Irmãs do Carmelo de Cristo Redentor – Aveiro


XXXVI Passo | Movida pela Palavra Divina

 

Isabel, «levantada» (UR 31) por Cristo depois de cada queda, volta a recomeçar o caminho seguindo o «plano de vida» que São Paulo lhe propõe e que hoje nos vai explicar.

«Enraizada» em Cristo, as suas raízes absorvem «a seiva divina». Graças a essa seiva alimenta-se, «reveste-se» de uma nova vida, rejuvenesce. Descobre-se a si mesma «cimentada» na terra sólida de Cristo e «elevada» acima de tudo o que é passageiro, armada contra as reivindicações da velha «natureza» que sobrevive em nós. «Firme na fé» graças a Jesus Cristo, canta os seus louvores «em todas as situações, e apesar de tudo». Realmente, a força de Deus manifesta-se na sua debilidade (2 Co 12, 9) e a vida de Jesus na sua carne mortal (2 Co 4, 11).

Acompanharemos, mais um dia, Isabel  na sua profunda leitura do Novo Testamento e «mergulharemos» com ela no «plano divino», no «grande mistério de Deus», que Ele concebeu em nosso benefício e para louvor do Pai.

Que impressionante impacto produz na alma de Isabel o Livro sagrado!
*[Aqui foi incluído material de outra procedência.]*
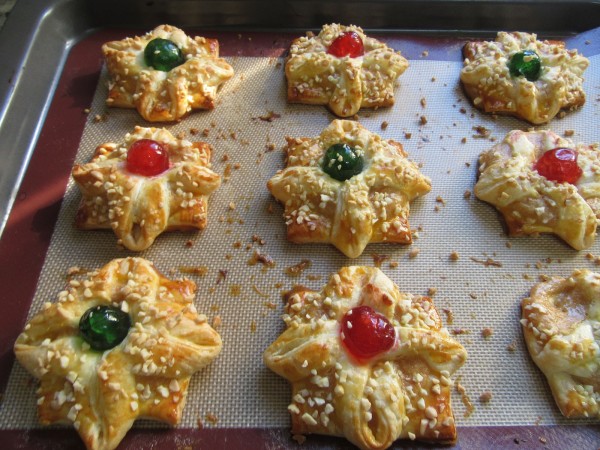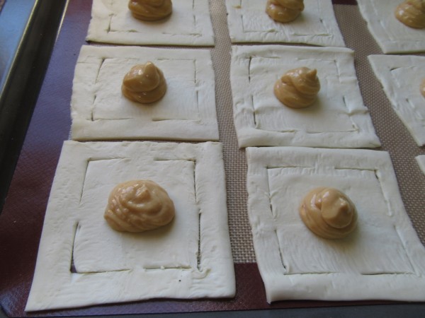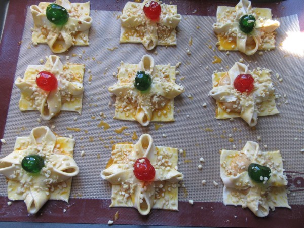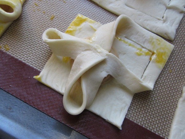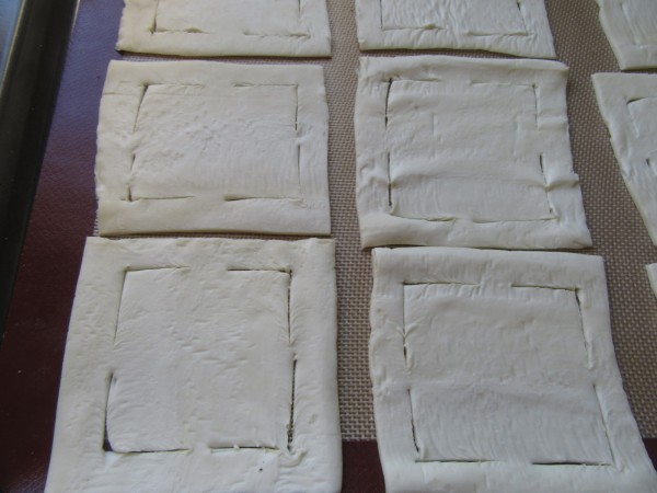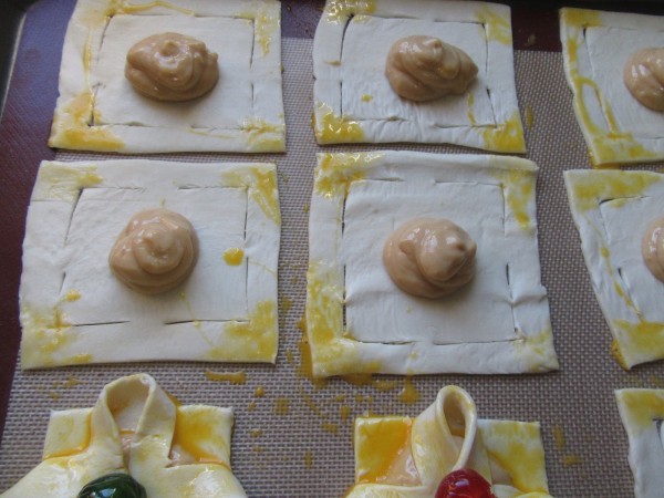 3- Estirar el hojaldre, cortar cada lámina en 9 cuadrados y hacer 4 cortes en las esquinas, como muestran las fotos, sin llegar al final. Pincelar de huevo las esquinitas, poner una cda. de crema en el centro, unir las esquinas cortadas hacia el centro, pincelar la superficie con más huevo, colocar una guinda y espolvorear granillo de almendra.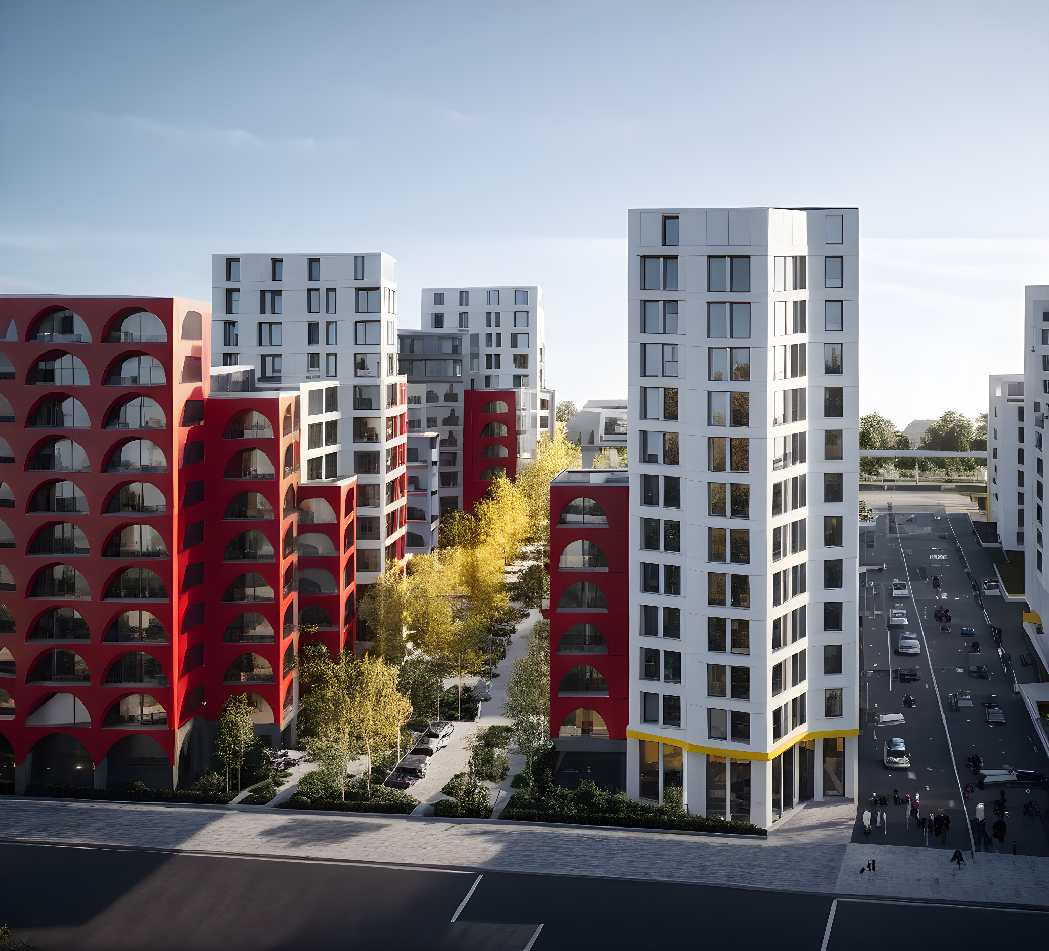 PromptMODERN ARCHITECTURE, DAY LIGHT, STREETS, RED COLOR, YELLOW COLOR, GREY COLOR AND WHITE COLOR

Com olhar certeiro, «aprofunda nele com esse modo de pensar de Cristo de que fala São Paulo» (UR 21). A Palavra vibra nela, dilata o seu coração e ressoa amplamente na sua situação concreta e existencial. Isabel vive intensamente, com a Trindade no seu coração e com o Livro sagrado ao alcance da mão.

E o coração de Isabel é extremadamente sensível, graças a uma longa fidelidade ao seu Amado. O amor ao que fala aumenta grandemente a ressonância afectiva da palavra escutada. Isabel sabia, tal como nós, que a Palavra revelada contém a mensagem fundamental de Deus e todas as perspetivas vivificantes que Cristo nos oferece; mas compreendia ainda melhor do que nós que o divino e eterno Amador, presente no seu coração, nos pede que o tememos a sério. E Isabel não queria ler por amor à ciência, mas pela «ciência do amor».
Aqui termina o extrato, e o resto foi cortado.